According to Shepherd Mpofu, the acting head of the Zimbabwe Prisons and Correctional Services, only 3% of people who benefited from previous amnesties became involved in crime again.

The concerns of those who share Makomborero’s fears are perhaps best understood by remembering another episode in Zimbabwe’s halting democratic experiment: the “Green Bombers”.

The Green Bombers were a youth brigade which played a pivotal role in ensuring that Zanu PF won elections in the mid to late 2000s.

The youth were trained to be militant by Zimbabwe’s National Youth Service, which was introduced shortly after the formation of the opposition Movement for Democratic Change (MDC), led by Morgan Tsvangirai, shocked Zanu PF by winning 57 out of 120 parliamentary seats in the elections of 2000.

Graduates of the new National Youth Service went on a rampage, attacking opposition supporters, burning down their homes and even killing some people.

Munashe Manzanga, a 34-year-old who fled to the United States, was among the brigade’s victims. He says in June 2008 a band of Green Bombers, led by a youth officer and a war veteran he recognised, held him hostage for not carrying a Zanu PF membership card.

“They force-marched me to a night vigil, beat me and other opposition activists in what they called a re-education exercise and forced me to sing Zanu PF songs,” he recalls.

Manzanga fled from his rural home Mberengwa in Zimbabwe’s south and hid for weeks in Zvishavane in the Midlands province before managing to escape abroad.

Attacks on opposition supporters like Manzanga by Green Bombers, named after the military-style fatigues they wore and because the term is generally used to refer to the green bottlefly, were widely reported by human rights groups and the media throughout the 2000s.
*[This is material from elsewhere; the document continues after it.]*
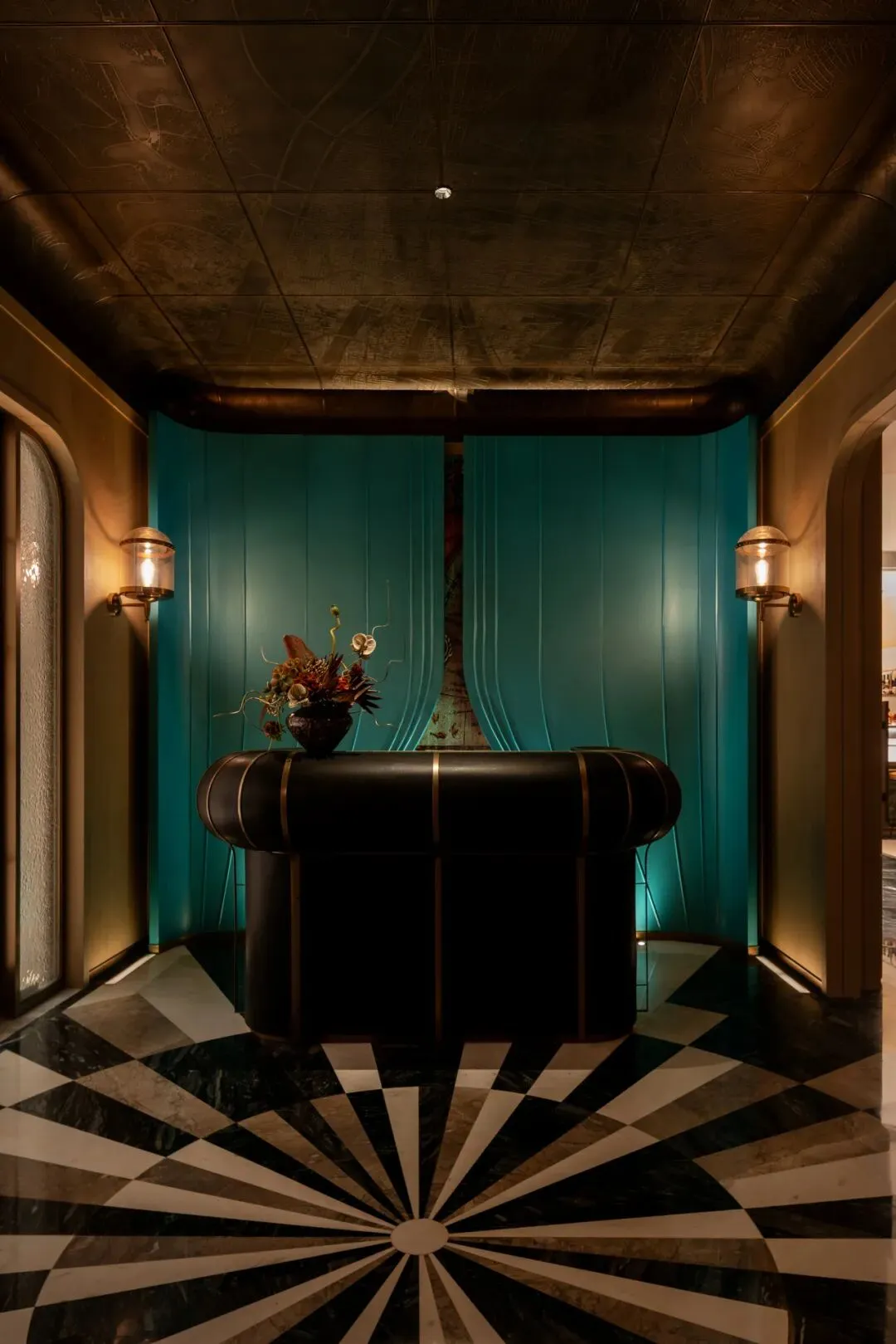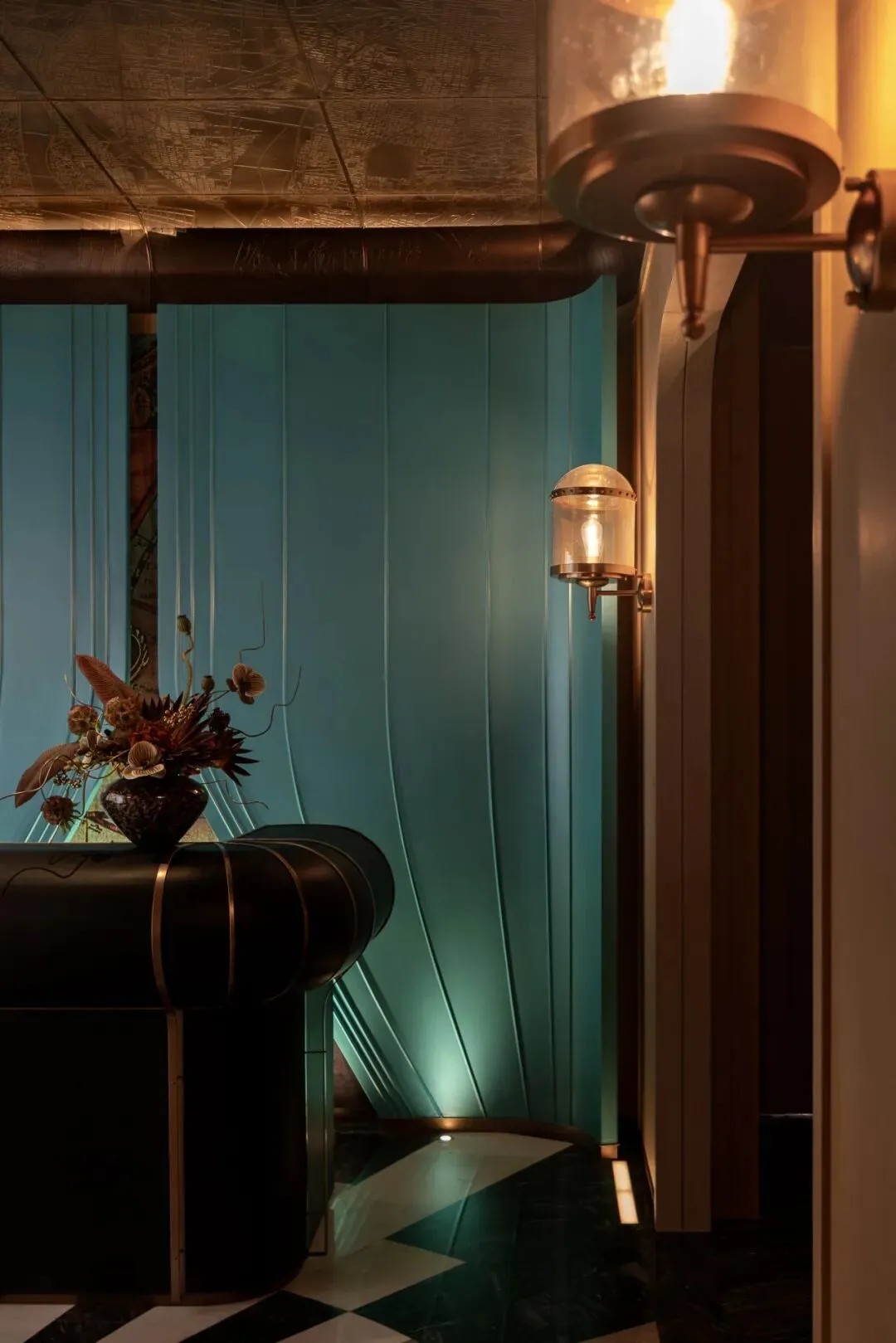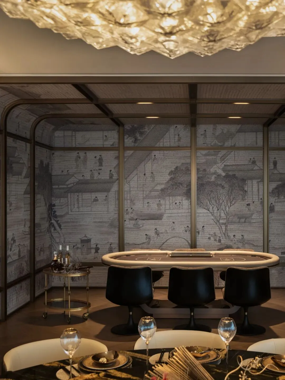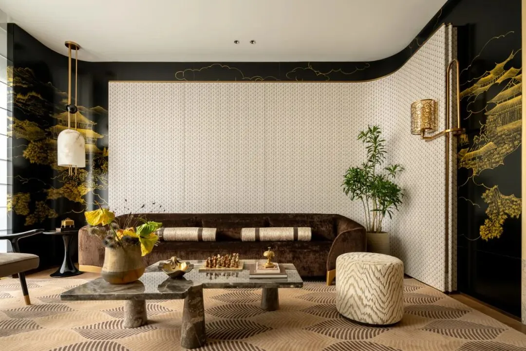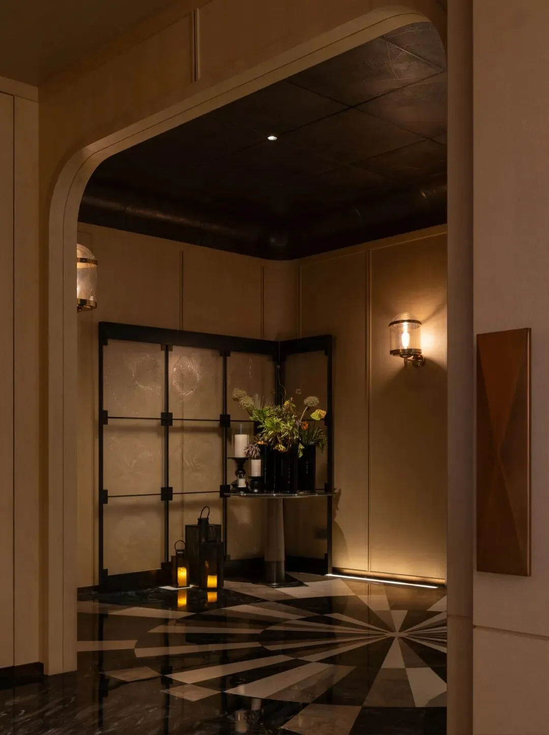 整个空间利用金箔与漆器元素共同点缀,形成一种收放自如的精致格调。人们身处其中,既能体会到高雅品位,又不会感到拘束,营造出"得体舒适"的空间氛围。

Officially, the National Youth Service was disbanded in 2007 but its ghosts have haunted Zimbabwe since.

“In 2019 I was attacked by well-known Zanu PF members of the National Youth Service.

 They ambushed me as I was returning home from town and kidnapped and tortured me asking about the whereabouts of [social and economic justice activist and unionist] Tatenda Mombeyarara,” says Adkins Mtetwa, a Zimbabwean human rights activist now living in the United Kingdom.

He concurs with those who see the prison amnesty as a ruse to recruit new “Green Bombers” for the ruling party.

“The latest release of criminals just before elections by President Emmerson Mnangagwa is for people like me and more in my community, a sign that there will be more violence in the coming election,” says Mtetwa.